Uden currently has two grants from the Wisconsin Department of Public Instruction, which he secured on behalf of CUW’s School of Education. The first one—a two-year $1,000 grant awarded in spring 2017—provides scholarships for students in grades 6-8 to attend science, technology, engineering, arts, and math (STEAM) camps put on by CUW faculty each summer. The second grant, also awarded in 2017 and totaling $34,200, supports the College FAIR program, which empowers first-generation high school seniors or students from underrepresented populations to become college-ready while living on campus during an abridged three-week summer term.  

8. Tobacco-free through IPE 

CUW project leads: Cathy Cero-Jaeger, assistant professor of nursing; Dr.
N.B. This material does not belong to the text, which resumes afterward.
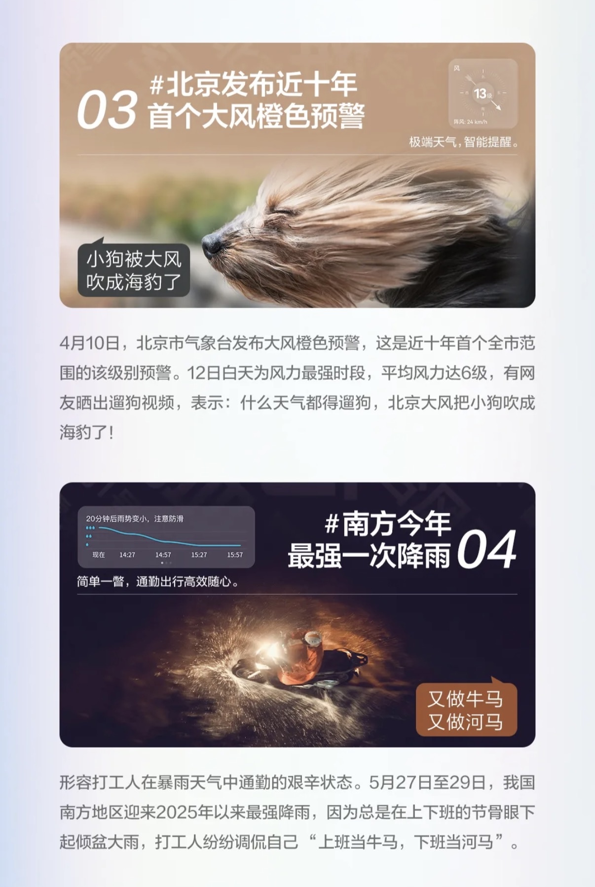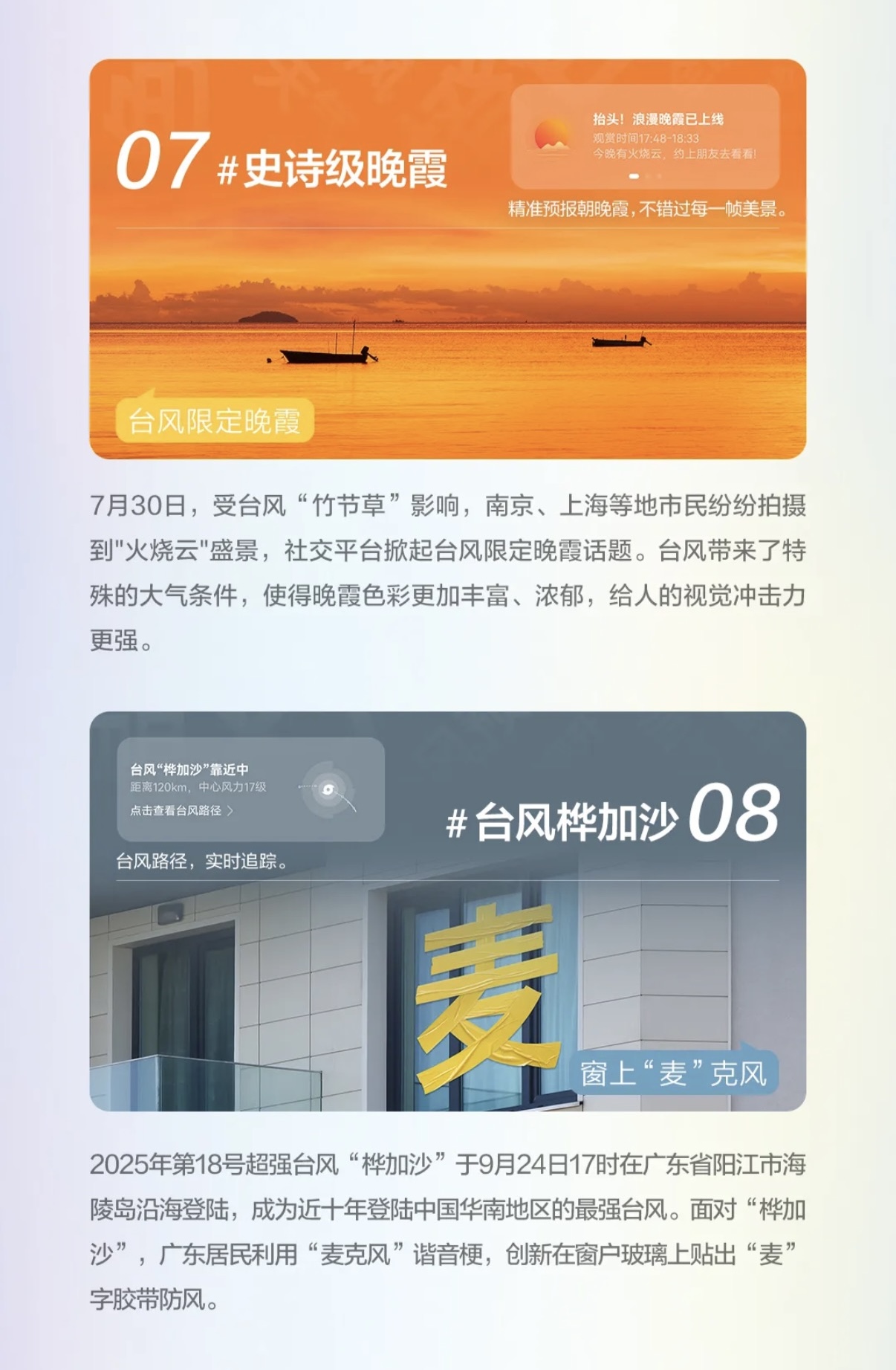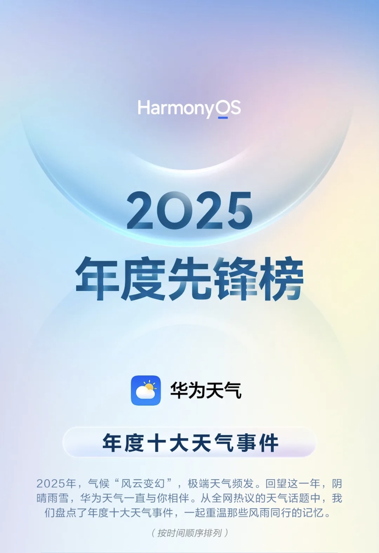 2025年的天气像场即兴演出,但有了华为天气的陪伴,每次"天气大戏"都变得从容。你记忆里最特别的天气故事是什么?快去华为天气看看完整榜单,看看你记忆中的那场天气变化有没有上榜吧

Michael Oldani, director of interprofessional education (IPE) 

In 2017, Concordia received a $15,000 grant from the American Cancer Society’s Tobacco-Free Generation Campus Initiative Grant Program, supported by CVS Health Foundation, to help CUW become a campus that promotes a tobacco-free environment. Cero-Jaeger and Oldani are the faculty mentors for the student-led Tobacco-Free Through IPE Task Force, an interprofessional team of students who are leading advocacy efforts on campus. The grant also supported cessation counseling training through the American Lung Association for faculty and students in the pharmacy, nursing, and nurse practitioner programs. 

9. Antibiotics in the waterway

CUW project lead: Dr. Sarah Lovern, associate professor of physiology 

In 2014, Lovern began to receive funding from the Mick A. Naulin Foundation to research the impact of pharmaceuticals in the waterways. Lovern has involved CUW undergraduates in the effort, and together, they work with Daphnia magna, a tiny freshwater crustacean conducive to research because of its short lifespan. Lovern again received a renewal this year bringing the total award amount to $36,125.